Goal of the exercise: Within the records that follow, restate exactly the lines from the line with "The project began" down to the line with "同源重组在双链断裂修复、停滞", including both. Omit the pictures.

Data:

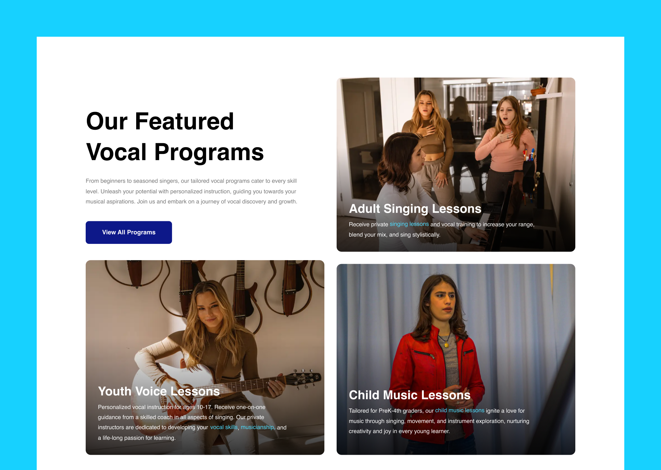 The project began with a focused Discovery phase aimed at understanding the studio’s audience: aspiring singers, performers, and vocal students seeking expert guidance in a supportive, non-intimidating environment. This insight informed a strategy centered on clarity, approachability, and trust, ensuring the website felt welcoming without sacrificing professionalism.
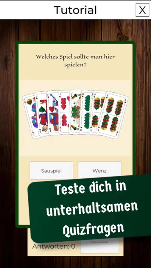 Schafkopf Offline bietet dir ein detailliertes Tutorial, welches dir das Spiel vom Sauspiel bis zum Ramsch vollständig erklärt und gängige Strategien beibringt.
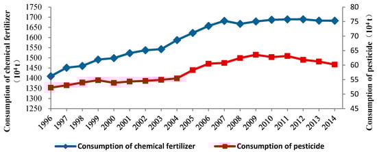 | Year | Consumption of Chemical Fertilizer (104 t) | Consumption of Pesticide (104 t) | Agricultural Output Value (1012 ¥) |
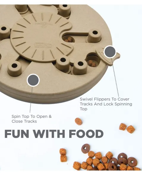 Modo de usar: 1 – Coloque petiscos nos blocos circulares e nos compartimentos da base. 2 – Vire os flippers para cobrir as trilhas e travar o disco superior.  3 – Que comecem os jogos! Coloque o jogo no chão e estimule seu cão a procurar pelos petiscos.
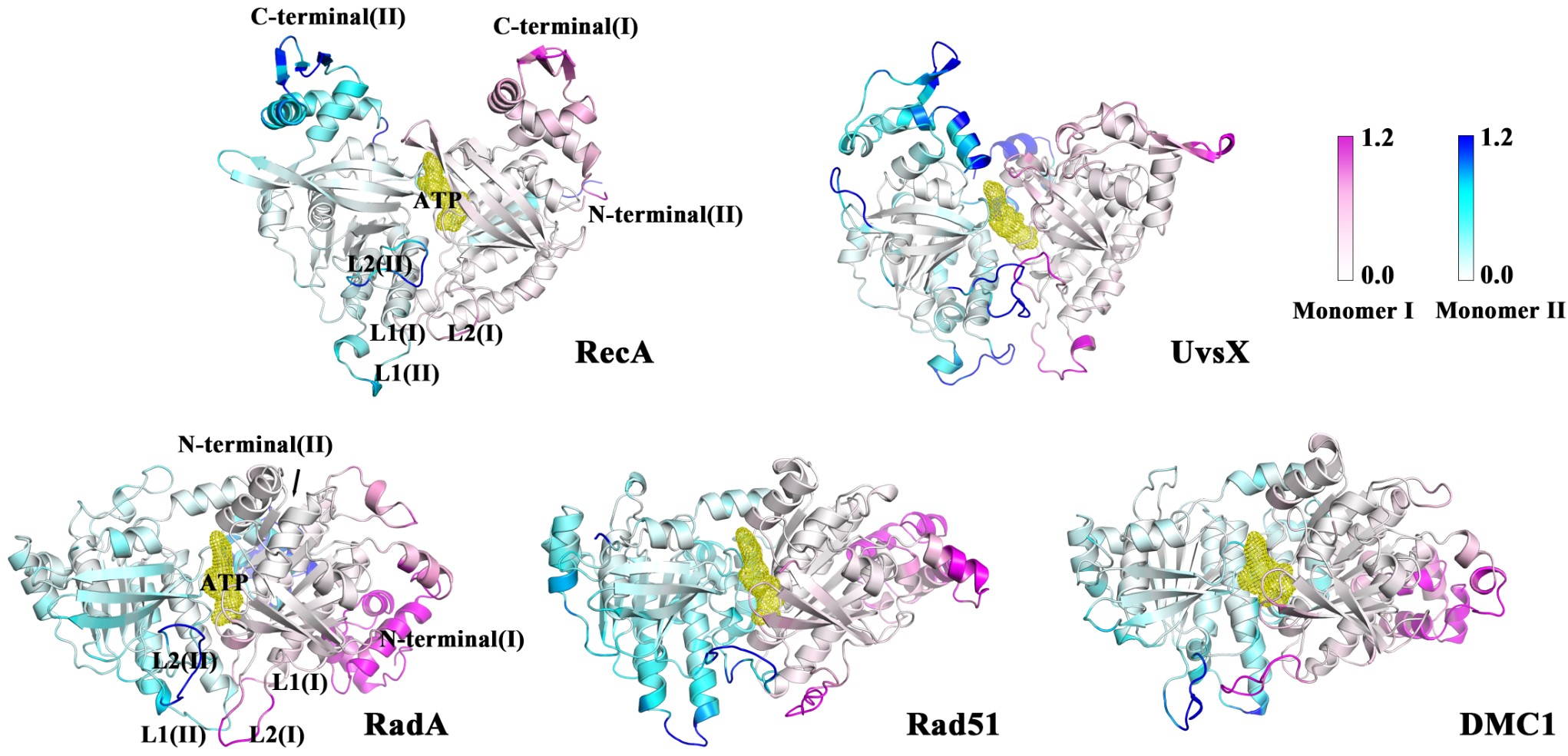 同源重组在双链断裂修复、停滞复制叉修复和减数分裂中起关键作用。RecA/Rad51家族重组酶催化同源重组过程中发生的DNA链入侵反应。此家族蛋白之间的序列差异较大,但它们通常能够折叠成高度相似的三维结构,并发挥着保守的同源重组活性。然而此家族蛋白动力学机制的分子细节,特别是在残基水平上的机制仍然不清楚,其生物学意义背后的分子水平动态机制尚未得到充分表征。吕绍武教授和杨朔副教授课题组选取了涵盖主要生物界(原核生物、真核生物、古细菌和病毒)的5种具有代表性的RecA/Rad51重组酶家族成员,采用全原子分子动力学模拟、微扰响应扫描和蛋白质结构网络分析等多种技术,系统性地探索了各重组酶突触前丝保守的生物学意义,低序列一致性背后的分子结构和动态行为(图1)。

...

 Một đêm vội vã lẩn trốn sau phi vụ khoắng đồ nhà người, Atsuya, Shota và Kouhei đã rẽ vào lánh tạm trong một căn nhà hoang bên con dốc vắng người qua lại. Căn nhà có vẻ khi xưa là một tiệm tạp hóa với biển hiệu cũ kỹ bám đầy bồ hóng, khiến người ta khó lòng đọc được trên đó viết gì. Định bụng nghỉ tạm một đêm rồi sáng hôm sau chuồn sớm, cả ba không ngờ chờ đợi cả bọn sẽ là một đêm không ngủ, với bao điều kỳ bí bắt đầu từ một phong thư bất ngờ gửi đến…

Output for this exercise:
 The project began with a focused Discovery phase aimed at understanding the studio’s audience: aspiring singers, performers, and vocal students seeking expert guidance in a supportive, non-intimidating environment. This insight informed a strategy centered on clarity, approachability, and trust, ensuring the website felt welcoming without sacrificing professionalism.
 Schafkopf Offline bietet dir ein detailliertes Tutorial, welches dir das Spiel vom Sauspiel bis zum Ramsch vollständig erklärt und gängige Strategien beibringt.
 | Year | Consumption of Chemical Fertilizer (104 t) | Consumption of Pesticide (104 t) | Agricultural Output Value (1012 ¥) |
 Modo de usar: 1 – Coloque petiscos nos blocos circulares e nos compartimentos da base. 2 – Vire os flippers para cobrir as trilhas e travar o disco superior.  3 – Que comecem os jogos! Coloque o jogo no chão e estimule seu cão a procurar pelos petiscos.
 同源重组在双链断裂修复、停滞复制叉修复和减数分裂中起关键作用。RecA/Rad51家族重组酶催化同源重组过程中发生的DNA链入侵反应。此家族蛋白之间的序列差异较大,但它们通常能够折叠成高度相似的三维结构,并发挥着保守的同源重组活性。然而此家族蛋白动力学机制的分子细节,特别是在残基水平上的机制仍然不清楚,其生物学意义背后的分子水平动态机制尚未得到充分表征。吕绍武教授和杨朔副教授课题组选取了涵盖主要生物界(原核生物、真核生物、古细菌和病毒)的5种具有代表性的RecA/Rad51重组酶家族成员,采用全原子分子动力学模拟、微扰响应扫描和蛋白质结构网络分析等多种技术,系统性地探索了各重组酶突触前丝保守的生物学意义,低序列一致性背后的分子结构和动态行为(图1)。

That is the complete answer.